On other points related to style (and having nothing to do with
whether these points should be used in your instance, because I don't
think they should):
> for ($count=0; $count < 20; $count++) {
> ($id, $lastmodified, $subject) = split(/\|:\|/, $filenames[$count]);
It's more Perlish to do a simple iterative loop like this:
for (0..20) { #Perl ain't C!
But your intent seems to be just to do an array slice. If you want to
take an array slice, don't create a counter and increment it; just
slice the array directly, such as:
foreach my $line_of_the_array ( @array[0..20] ) {
Oh, and, also:
> $dbh->quote($id)
If you are sure your $id cannot be tainted (such as it has an integer
type imposed by the database) then you don't need to quote it (and
doing so further slows you down).
Show me some sample rows and I'll respond with some more specific
info...
--
The best way to get a good answer is to ask a good question.

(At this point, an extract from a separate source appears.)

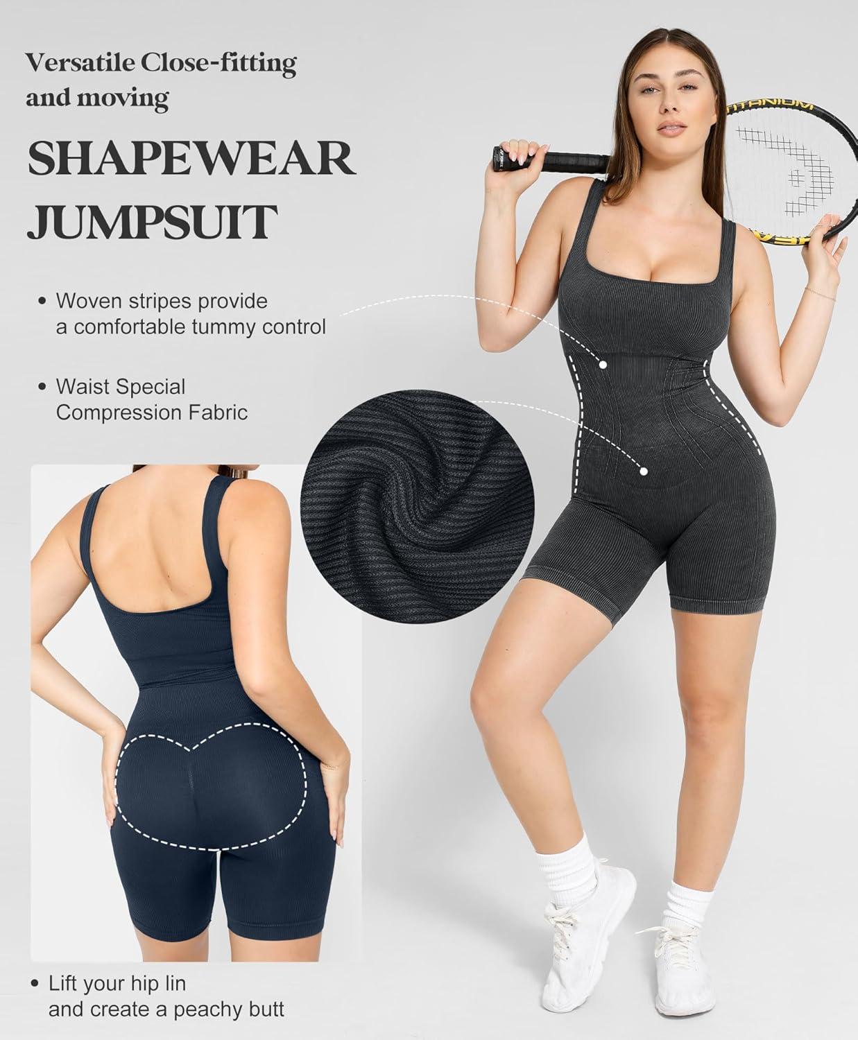 Popilush Shapewear Jumpsuits For Women Tummy Control Causual Jumpsuit Bodycon Formal Square Neck Romper(Black)
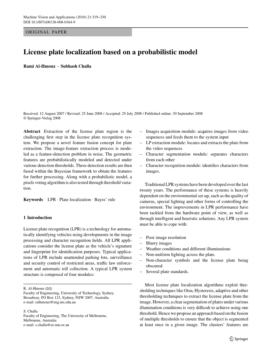 针对小区门禁的车牌定位方法研究外文翻译资料 2022-04-25 22:26:32 英语原文共 12 页,剩余内容已隐藏,支付完成后下载完整资料 英语译文共 17 页,剩余内容已隐藏,支付完成后下载完整资料资料编号:[465716],资料为PDF文档或Word文档,PDF文档可免费转换为Word 原文和译文剩余内容已隐藏,您需要先支付 30元 才能查看原文和译文全部内容!立即支付 发小红书推广免费获取该资料资格。点击链接进入获取推广文案即可: Ai一键组稿 | 降AI率 | 降重复率 | 论文一键排版 PREVIOUS NEXT 您可能感兴趣的文章 看边界:边界感知面部对齐算外文翻译资料 看边界:边界感知面部对齐算外文翻译资料 一种支持分布式正态智能监控的多代理体系结构外文翻译资料 增强的无线局域网协作MAC外文翻译资料 近眼显示器的绝对辐射和光度测量外文翻译资料 红外遥控系统外文翻译资料 一幅单一图像中雨滴去除的专注生成对抗性网络外文翻译资料 深度残差学习在图像识别中的应用外文翻译资料 低成本,便携式室内环境质量监测装置的设计与开发外文翻译资料 使用基于查询蓝牙的RSSI概率分布进行室内定位外文翻译资料

David Filmer (http://DavidFilmer.com)
------------------------------
Date: Mon, 30 Jul 2007 17:33:04 -0500
From: "J. Gleixner" <glex_no-spam@qwest-spam-no.invalid>
Subject: Re: Using DBI, better option than importing into @array
Message-Id: <46ae6721$0$3567$815e3792@news.qwest.net>
Jason wrote:
> The most current problem is SPEED! From sheer lack of knowledge, I'm
> importing the subjects table into an array in the beginning of the
> script, then using a for loop throughout the program to access that
> array. But the program is running pretty slow, and I'm sure that the
> bottleneck is with this array.
You probably want to look at the SQL 'limit' command. Fetching 17000
rows is a complete waste of time because there's no way you're going
to be able to efficiently display that much data.
>
> Here is the code that I'm using:
>
> # Push subjects into Perl array
> my $filelist = $dbh->selectall_arrayref("SELECT `id`, `lastmodified`,
> `subject` FROM $forum_subjects ORDER BY lastmodified DESC");
>
> my @filenames;
> for my $row (@$filelist) {
> my ($id, $lastmodified, $subject) = @$row;
> push(@filenames, $id . "|:|" . $lastmodified . "|:|" . $subject);
> }
No need to do that. You have $filelist, iterate through it below,
instead of creating @filenames.
>
> # In the "view subject" section, loop through last 20 indexes of
> @filenames
> # 0 and 20 are dynamic in the real script
No, use 'limit' and 'order by' to get the last 20 'id' fields.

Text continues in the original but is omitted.